Exercise details: Each line of the data below between the one containing "中華人民共和國醫(yī)療器械注冊證" and the one containing "De Morgan’s powerful", both included, is to be repeated exactly. Please omit pictures.

Available data:

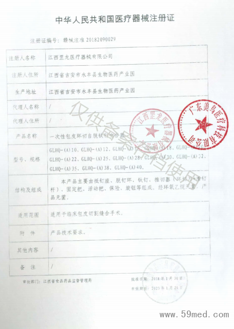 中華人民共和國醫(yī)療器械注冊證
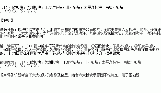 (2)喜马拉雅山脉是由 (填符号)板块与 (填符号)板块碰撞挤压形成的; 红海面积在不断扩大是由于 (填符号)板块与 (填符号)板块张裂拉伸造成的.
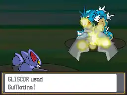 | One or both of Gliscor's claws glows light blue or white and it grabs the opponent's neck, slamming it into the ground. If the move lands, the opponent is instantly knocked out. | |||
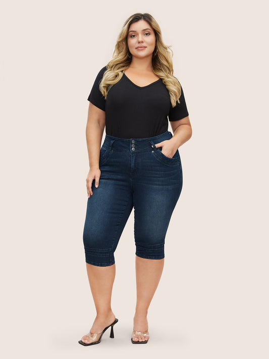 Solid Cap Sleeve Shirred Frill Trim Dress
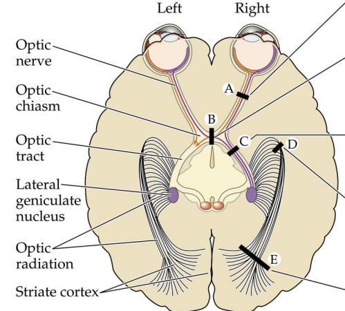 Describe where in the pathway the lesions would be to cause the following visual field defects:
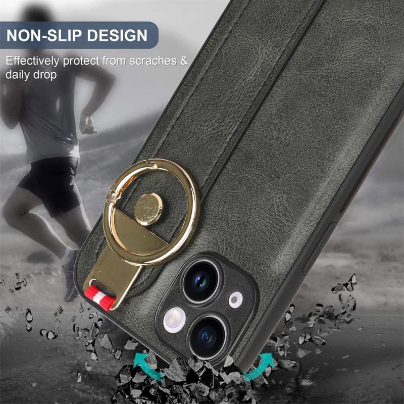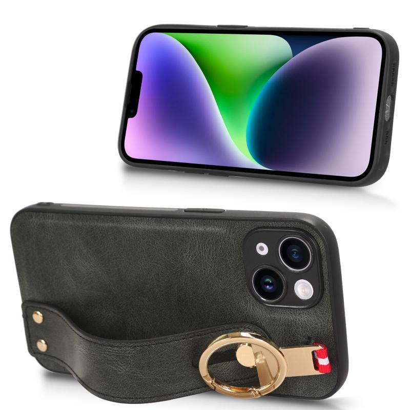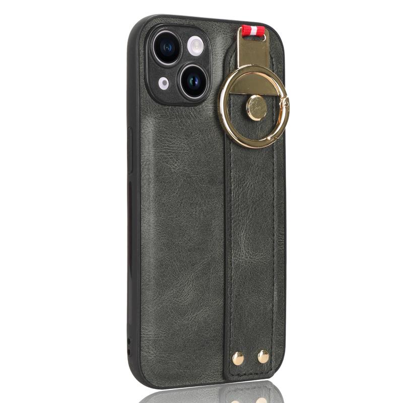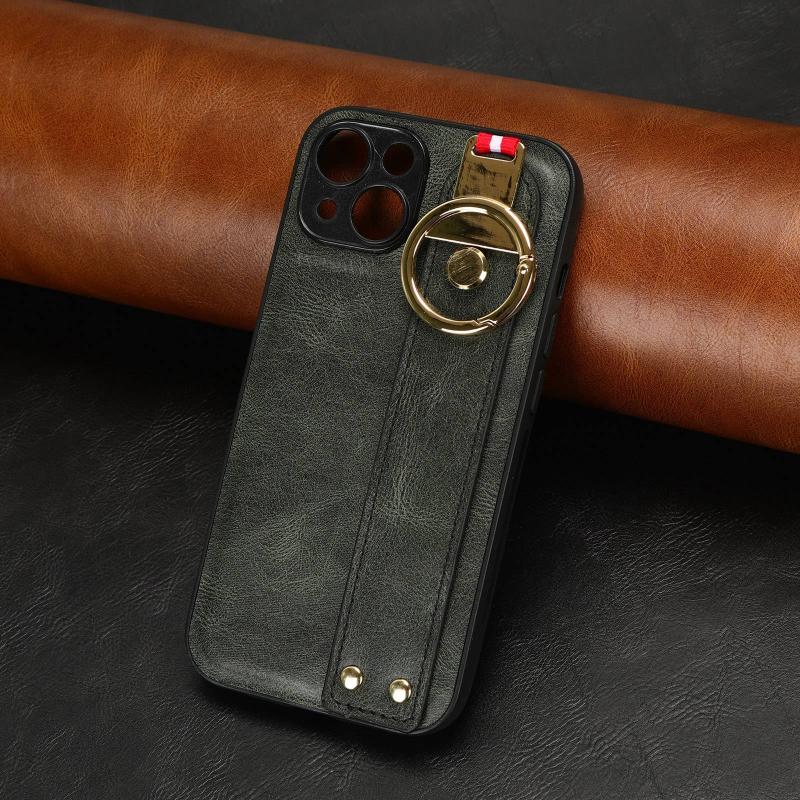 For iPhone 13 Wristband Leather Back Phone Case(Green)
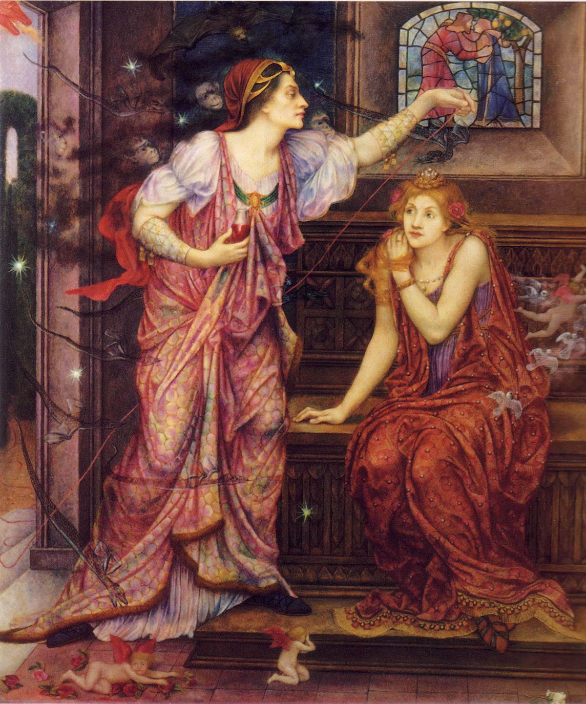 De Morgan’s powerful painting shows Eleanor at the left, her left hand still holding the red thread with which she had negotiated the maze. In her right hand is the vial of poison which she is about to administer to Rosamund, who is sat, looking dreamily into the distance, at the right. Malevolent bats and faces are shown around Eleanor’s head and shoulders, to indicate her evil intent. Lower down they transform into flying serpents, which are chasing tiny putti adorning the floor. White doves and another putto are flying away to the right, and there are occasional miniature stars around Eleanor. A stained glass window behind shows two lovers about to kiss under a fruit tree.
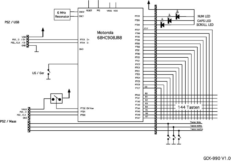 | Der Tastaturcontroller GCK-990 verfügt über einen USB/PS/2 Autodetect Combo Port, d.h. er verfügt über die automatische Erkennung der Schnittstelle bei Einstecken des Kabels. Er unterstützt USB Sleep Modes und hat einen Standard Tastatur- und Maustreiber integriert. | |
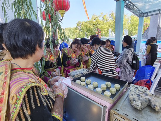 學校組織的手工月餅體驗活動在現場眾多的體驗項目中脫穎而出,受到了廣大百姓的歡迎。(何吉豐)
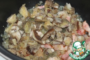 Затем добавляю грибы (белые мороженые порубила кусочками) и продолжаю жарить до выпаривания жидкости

...

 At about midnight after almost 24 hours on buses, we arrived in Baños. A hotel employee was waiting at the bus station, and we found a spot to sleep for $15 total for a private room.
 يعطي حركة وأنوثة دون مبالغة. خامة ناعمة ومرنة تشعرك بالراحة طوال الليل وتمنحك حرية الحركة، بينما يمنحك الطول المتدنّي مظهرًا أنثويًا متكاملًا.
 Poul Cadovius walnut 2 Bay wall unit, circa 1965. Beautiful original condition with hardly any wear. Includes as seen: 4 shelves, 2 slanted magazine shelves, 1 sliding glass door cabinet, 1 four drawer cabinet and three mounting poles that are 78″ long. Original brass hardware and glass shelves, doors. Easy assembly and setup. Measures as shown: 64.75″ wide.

Task answer:
 中華人民共和國醫(yī)療器械注冊證
 (2)喜马拉雅山脉是由 (填符号)板块与 (填符号)板块碰撞挤压形成的; 红海面积在不断扩大是由于 (填符号)板块与 (填符号)板块张裂拉伸造成的.
 | One or both of Gliscor's claws glows light blue or white and it grabs the opponent's neck, slamming it into the ground. If the move lands, the opponent is instantly knocked out. | |||
 Solid Cap Sleeve Shirred Frill Trim Dress
 Describe where in the pathway the lesions would be to cause the following visual field defects:
 For iPhone 13 Wristband Leather Back Phone Case(Green)
 De Morgan’s powerful painting shows Eleanor at the left, her left hand still holding the red thread with which she had negotiated the maze. In her right hand is the vial of poison which she is about to administer to Rosamund, who is sat, looking dreamily into the distance, at the right. Malevolent bats and faces are shown around Eleanor’s head and shoulders, to indicate her evil intent. Lower down they transform into flying serpents, which are chasing tiny putti adorning the floor. White doves and another putto are flying away to the right, and there are occasional miniature stars around Eleanor. A stained glass window behind shows two lovers about to kiss under a fruit tree.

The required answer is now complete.